Attention GRU.
Attention GRU. (source: Goku Mohandas, used with permission.).

This article is a gentle introduction to attentional and memory-based interfaces in deep neural architectures, using TensorFlow. Incorporating attention mechanisms is very simple and can offer transparency and interpretability to our complex models. We conclude with extensions and caveats of the interfaces. As you read the article, please access all of the code on GitHub and view the IPython notebook here; all code is compatible with TensorFlow version 1.0. The intended audience for this notebook are developers and researchers who have some basic understanding of TensorFlow and fundamental deep learning concepts. Check out this post for a nice introduction to TensorFlow.

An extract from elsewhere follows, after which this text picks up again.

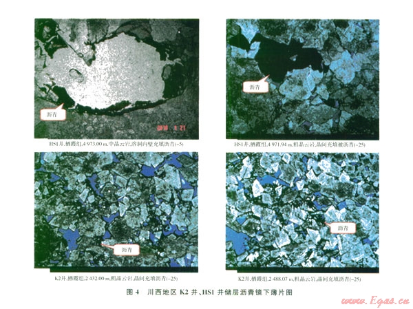 儲層瀝青的存在不僅改變了儲層孔隙結(jié)構(gòu),導(dǎo)致儲層巖電參數(shù)變化,而且還會導(dǎo)致物性、含油性和電性的變化。當(dāng)有瀝青充填到儲層的孔隙中時,由于瀝青的導(dǎo)電性差或不導(dǎo)電性將導(dǎo)致儲層電阻率較未含瀝青層段電阻率高,從而在測井曲線上表現(xiàn)出高電阻率的電性特征。HS1井和K2井在鏡下薄片中均可以見到瀝青不同程度的充填,其主要充填于儲集層的孔隙或裂縫中,從瀝青的產(chǎn)狀看,瀝青主要充填于晶間和晶間溶蝕溶孔的內(nèi)壁(4)。從測井曲線看,當(dāng)瀝青出現(xiàn)在有瀝青充填的儲層井段時,該段電阻率值明顯較同一巖性井段的要高。
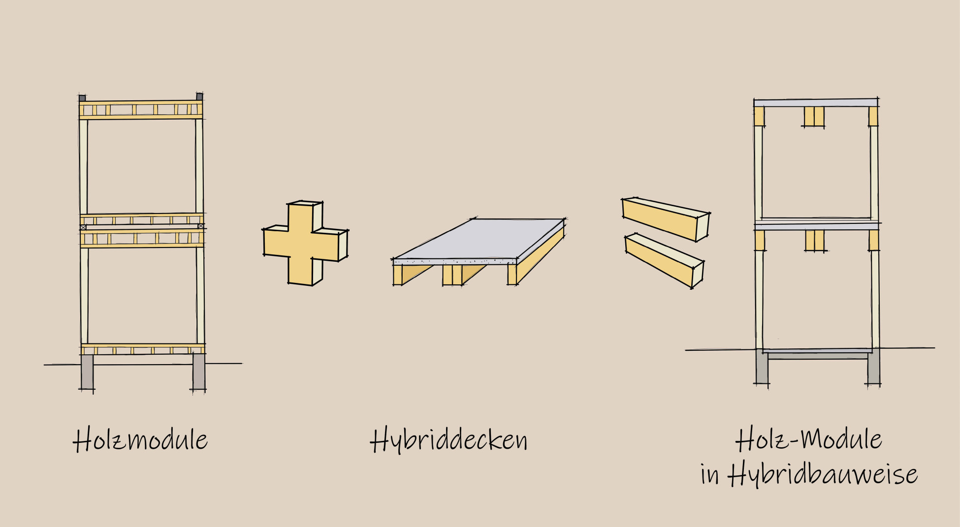 Unsere Module in Holz-Hybridbauweise kombinieren Module mit innovativen Holz-Betonverbund-Decken und bieten eine nachhaltige sowie leistungsstarke Lösung.

Applying selective attention to deep learning

Attentional interfaces in deep neural networks are loosely based on visual attention mechanisms, found in many animals. These mechanisms allow the organisms to dynamically focus on pertinent parts of a visual input and respond accordingly. This basic idea of selective attention has been carried over to deep learning, where it is being used in image analysis, translation, question/answering, speech, and a variety of other tasks.

Attention on an image
Figure 1. Attention on an image for a specific (underlined) word in the caption. Credit: Kelvin Xu, Jimmy Ba, Ryan Kiros, Kyunghyun Cho, Aaron Courville, Ruslan Salakhutdinov, Richard Zemel: “Show, Attend and Tell: Neural Image Caption Generation with Visual Attention”. Used with Permission.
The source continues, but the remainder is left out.